Our entire modernity prides itself on being fact-oriented when it comes to research and experimentation, but it shies away like the devil shies away from holy water from naming the role of the scientific experimenter (as observer and evaluator of his work) as a decisive influencer on the success and failure of his research and experiments. The objective observer does not exist. Objectivity is completely excluded in human social interaction. You would otherwise have to have someone observing the observer, who in turn is observed by an observer, and so on. (I assume you will name blind and double blind studies, but they are not saving from many other experiments where nothing is done blindly).
I am not negating your statement, I am merely mentioning its weakness, but also accepting its strengths. But I differ little in my own attitude from yours, I would say.
While we all have biases, these biases do not completely exclude objectivity. Objectivity should not be considered only an absolute, but is a range. We are all more or less objective regarding the variety of things there are, depending on our beliefs.
Some of us strive to be utterly objective, and some of us strive to be utterly faithful to a given dogma. I strive to eschew the latter because I believe we are incapable of ascertaining understanding of the reality we are part of due to our limitations. I may be accused of taking objectivity as dogma I am faithful to, just as I note that Atheism is as insuperable and dogmatic is every other religion. Every argument that faith in God is insuperable factually also can be turned around and apply to belief there is no God.
You are right there are weaknesses in my rationality.

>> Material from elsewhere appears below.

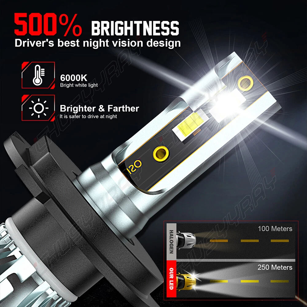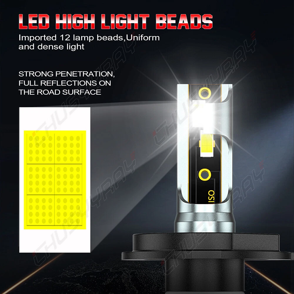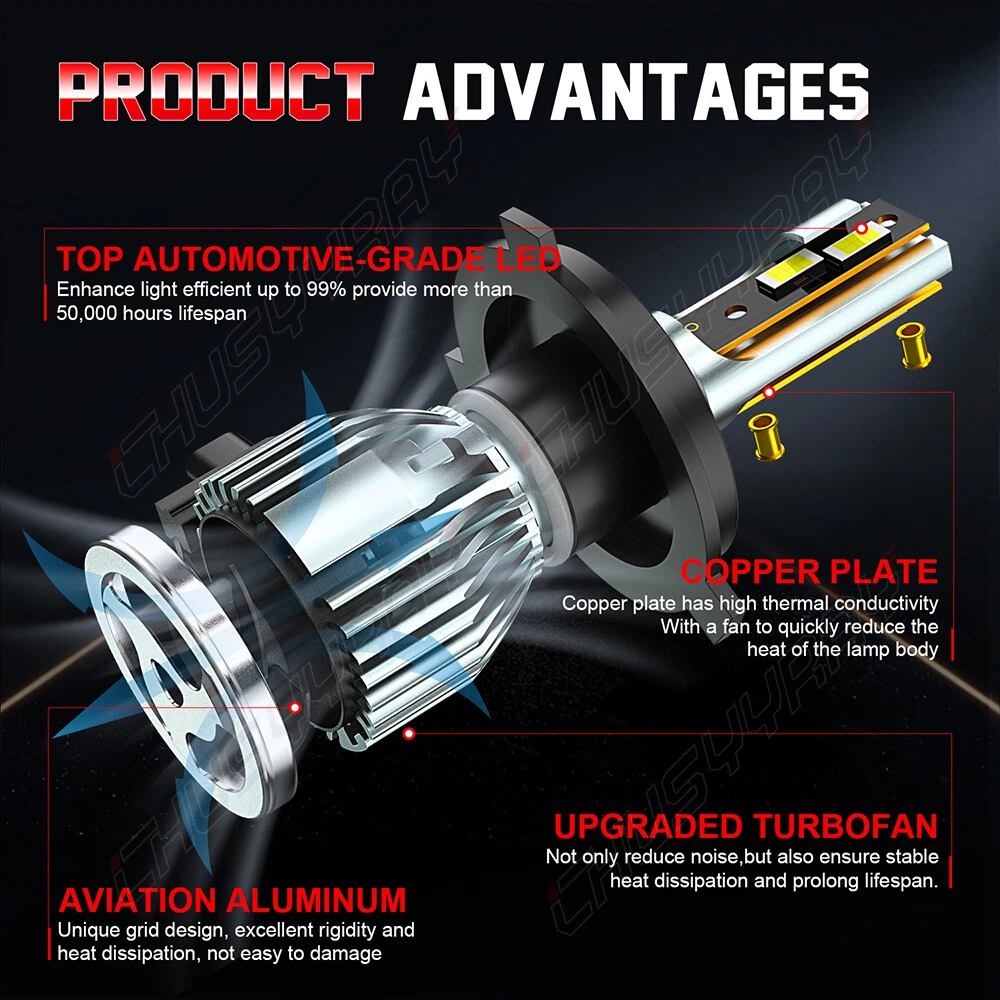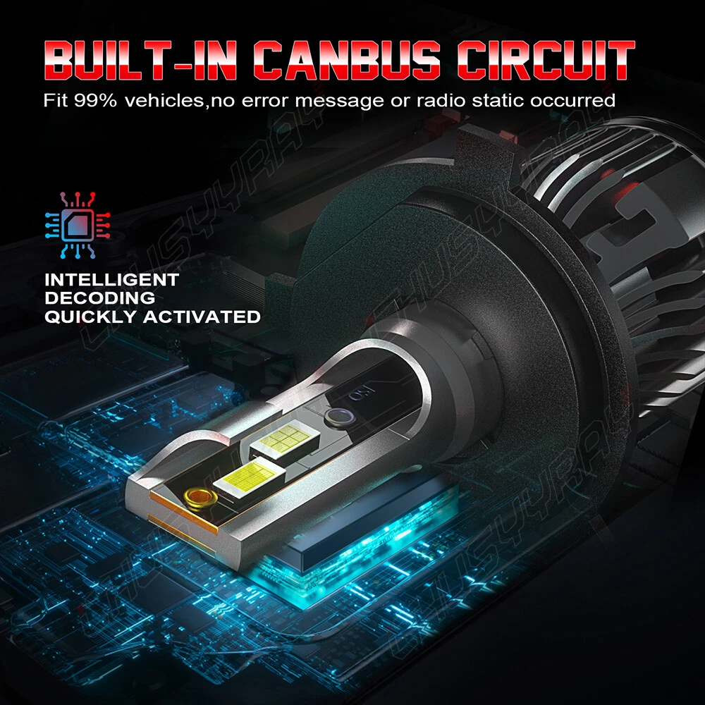 Product Description The compatible vehicle lists is only partial lists,no fully included due o Ebay listing compatible vehicles limitation. IF your car Socket type is 9003 H4,the item is fit your car F5 series LED Headlight Compatible With: 9003 H4 Application: High/Low Beam Headlights Light source: 3570 CSP Chips Color temperature: 6000K white Appearance: gun color + red bottom Decoder: External Number of Bulbs: 2 Voltage: Fit 9V-30V Vehicle IP Rate: IP67 WaterProof Beam Angle: 360° Built-In Cooling Fans ,Smart Efficient Cooling System Fast Heat Dissipation High quality Aluminum heat dissipation ensures the secure temperature range Operating Life: >50000hrs Operating Temperature: -40 - +80°C Placement on Vehicle: Left,Right,Front CANBUS ERROR FREE: No. For some vehicles, it may require install decoder or load resistor to avoid turn signal hyper flash or fast blinking. Please Note: Please check your car manual or original bulb to confirm the bulb size, length is correct or not before purchasing to save your time. Package Content:2 x High Power LED Headlights Bulbs (The box is sent randomly) LED headlamps advantages: Energy saving, environmental protection, Stable performance, through strict test, Use safer driving in the car. LED lights than traditional halogen energy, more power. The LED lights light up without delay, to enhance road safety. Instant start no strong currents impact , effectively protecting the car comes with a battery , improving battery life of more than 30%.

But that is exactly what prejudices do, they preclude objectivity, because otherwise they were not prejudices, i.e. preconceived views, but an open result. A result remains open as long as you leave it open. If one "closes" it, then one has subjectively agreed, nothing more. There is nothing wrong with that, one should just be aware that it is so.
I state that objectivity is not needed to move in relationships. It is, radically speaking, even irrelevant, to want to establish objectivity within human relationships and to even try is the horse's mouth here. I must first completely destroy my belief in objectivity in human interaction so that, relieved of this burden, I can talk to each other on a reasonable basis. One cannot "be a bit objective", objectivity is understood as absolute and is also applied in this way, trying to beat another's arguments to death by bringing his or her "false" subjectivity into the field against one's own "correct" subjectivity (backed up by "objectivity").
I consider it a misapprehension to give objectivity this relevance.
HaHa! Yes, I must always laugh at the claim to be an atheist. :D chuckle.